Familiar faces: It promises to be quite the reunion. Swedish goalie Magnus Hellberg is fondly remembered for his performances with the Dragons in 2017/18, while powerfully built defenseman Viktor Baldayev is just the kind of player Sochi’s new head coach enjoys working with. Among the forwards, Martin Bakos and Andrei Bakanov both spent time with our club; Bakos was one of the first group of Dragons to represent Red Star, while Bakanov got his first taste of adult hockey when he joined us last season.
Background: Since we last played Sochi, things have changed. Andrei Nazarov arrived as head coach, replacing Evgeny Stavrovsky after the team suffered a poor start to the season. Nazarov brings a pugnacious reputation – and it may not be coincidence that his 600th game as a head coach began with a big fight when the puck dropped against Avangard recently. However, his uncompromising style seems to have resonated within the locker room: three straight wins last week lifted the Leopards off the foot of the Western Conference and the team has taken at least a point from its last five appearances.
Not surprisingly, perhaps, Sochi take more penalties than anyone else in the league – 289 minutes at the last count. That has cost the team 20 goals on the PK, which runs at a moderate 80% success rate despite all the practice it gets. An underwhelming power play (14.6%) is another cause for concern. However, there are signs that Sochi’s defensive frailties are being resolved: in its last three games, the defense has allowed just two goals.
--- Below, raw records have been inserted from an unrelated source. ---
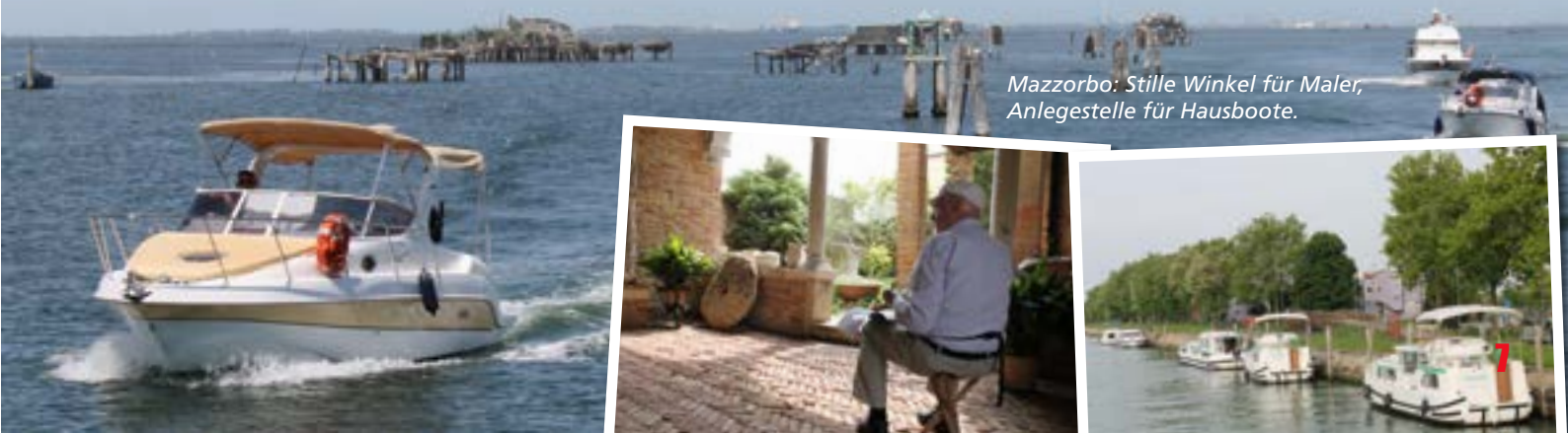
Mazzorbo: Stille Winkel für Maler, Anlegestelle für Hausboote.

Anbieter: www.khp-yachtcharter.com oder www.charterwelt.de
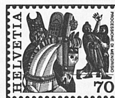
Processione di Mendrisio
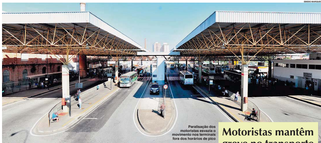
Paralisação dos motoristas esvazia o movimento nos terminais fora dos horários de pico
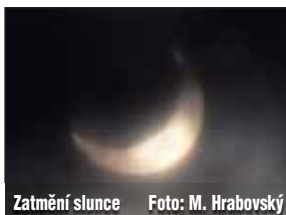
Zatmění slunce

Sibir Novosibirsk (home, Nov. 6)
Last time out: Our first game this season ended in a 0-1 loss in Siberia, with Anton Wedin getting the decisive goal. Wedin has since moved to Dynamo Moscow.
Familiar faces: Popular former Dragon Trevor Murphy is currently on the injured list at Sibir and is doubtful for this game. Alexei Kruchinin, who had a brief spell with us at the start of last season, is available for selection.
Background: A successful home stand lifted Sibir back into the playoff picture – and Andrei Martemyanov’s team claimed some notable scalps as it posted four straight wins. Eastern Conference high-flyer Traktor was blanked in a 2-0 loss, and CSKA’s powerful but unpredictable forward line also failed to score in a 1-0 reverse. Dinamo Minsk and Barys also went down to one-goal defeats, with Jokerit due to visit on Monday at the end of Sibir’s current run of home games.
However, that cannot mask the fact that Sibir has been inconsistent this season. In particular, form on the road has been a concern with just two victories so far away from the Sibir Arena. Scoring is another problem, with just 43 goals so far this season. That’s the lowest return in the KHL and it’s striking that only Nick Shore is into double figures up to now. His 12 (4+8) points places him well clear of his teammates. A lot depends on a reliable defense and solid goaltending – four of Sibir’s nine wins this season have been shut-outs, and only two teams in the East have allowed fewer goals.